From April, the company might be asked to provide a bank guarantee of $135 million for each quarter, for incremental revenues on production of 10 million standard cubic metres of gas a day (mscmd) from the D1 and D3 fields. It will also have to sign a supplementary agreement with the government for the new dispensation. The bank guarantee will be encashed if it is proved that the company hoarded gas or deliberately suppressed production at the main gas fields Dhirubhai-1 and 3 (D1&D3) fields in the eastern offshore KG-D6 block since 2010-11.

The potential cumulative bank guarantee relating to an alleged 150-mscmd shortfall in production through the last four years might stand at about $9 billion, if RIL is found liable, said Goldman Sachs’ analysts in a report dated December 20.  
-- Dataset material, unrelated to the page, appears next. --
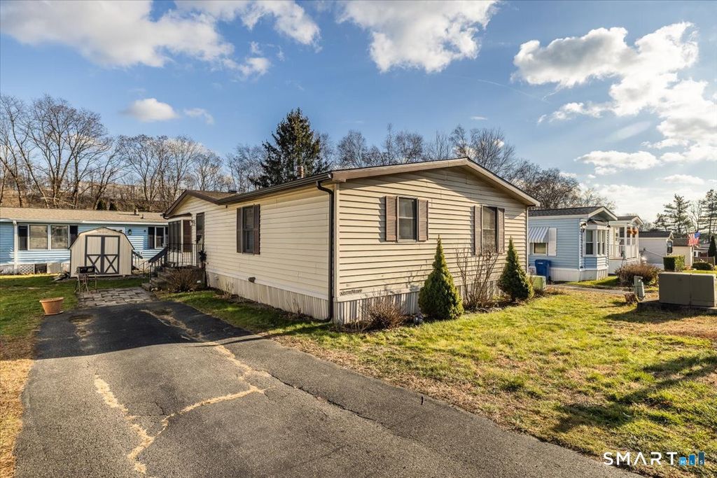 Well maintained 2 bedroom, 1.5 bath mobile home located in the desirable Woodland Park community in Shelton, CT. This home offers a functionality layout with generous living space, abundant natural light, and comfortable room sizes throughout. The main living area flows into the dining space and kitchen, providing an easy everyday living experience. The primary bedroom includes a full bath, while the second bedroom has a 1/2 bath and offers fexibility for guests, home office space, or additional living needs. The home provides storage, laundry area, and a practical floor plan ready for personal touches. Woodland Park offers a small dog park for residents. This is a land-lease community with park approval required for all adult occupants afer contract acceptance. Monthly lease apply and are set by park management. Must meet park requirements, including credit, income, and background review. Pets may be allowed with restrictions. Conveniently located close to shopping, dining, major routes, and all Shelton has to offer. A great opportunity for affordable homeownership in a well established community.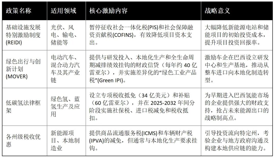 对于寻求进入巴西市场的中国新能源企业而言,理解并善用其独特的激励政策是成功的关键。目前,巴西已形成一个覆盖基础设施、绿色交通到前沿氢能的多层次、高强度的激励框架。

The report said the Cabinet move was positive, as this would end the political debate around the D6 gas price increase, allowing the market to focus on the company’s strong medium-term earnings growth prospects. It added, “While the bank guarantee may concern investors, it would apply only in case it is proved RIL had deliberately not produced enough natural gas.”

RIL has maintained the lower-than-expected production was due to geological difficulties and lower-than-estimated reserves in the block.

It is likely production will remain subdued in the coming days, too. Prakash Joshi and Probal Sen of IDFC Securities said they factored in tepid production growth for RIL between 2015 and 2018, and the recent news didn’t change this. Their estimates for KGD6 production for FY15, FY16, FY17 and FY18 stand at 14, 15, 18 and 18 mscmd, respectively.

Therefore, while the gas price rise bodes well for Reliance, lower volume growth is likely to keep the benefits under check. Religare Capital Markets’ Nitin Joshi estimates the earnings per share for FY15 will increase only Rs 7, despite gas prices being raised substantially.

For RIL, the exploration & production (E&P) segment remains the most profitable, with earnings before interest and tax margins at about 25 per cent. Currently, however, the segment contributes only slightly more than a per cent to revenues and five-six per cent to profits before interest and tax (PBIT). Therefore, the benefits of the price rise will only be seen once gas production increases substantially.

IDFC Securities said the development would boost sentiment in the upstream segment. IDFC Securities’ analysts say, “This latest event highlights our contention that the news-flow-sentiment worthiness of this segment is more than the financial impact.”

In the immediate term, the company’s performance will be gauged by the performance of its largest business segment, refining, followed by the petrochemical segment. While refining contributes about three quarters to the company’s revenues and 52 per cent at the PBIT level, the petrochemical segment contributes 20 per cent to revenues and 41 per cent at the PBIT level.

Prospects of refining, though weak in the near term, are likely to improve. Currently, as the refining capacity exceeds demand and liquefied natural gas prices remain high, refining margins are likely to remain under pressure. Analysts at Credit Suisse feel refining margins will recover due to seasonality and potential closures.

The petrochemical segment is seeing build-up in traction, owing to increasing demand from China. Analysts at Morgan Stanley say margins in this segment are on an upswing.

For the refining segment, they estimate RIL’s gross margins to average $7.8-8.5 a barrel for FY14/15. They see the company doubling its profits between FY13 and FY17, owing to higher gas prices and volumes and downstream expansion. While Morgan Stanley has a target price of Rs 1,156, the one-year consensus target price for the stock, according to four analysts polled on Friday, stands Rs 1,021.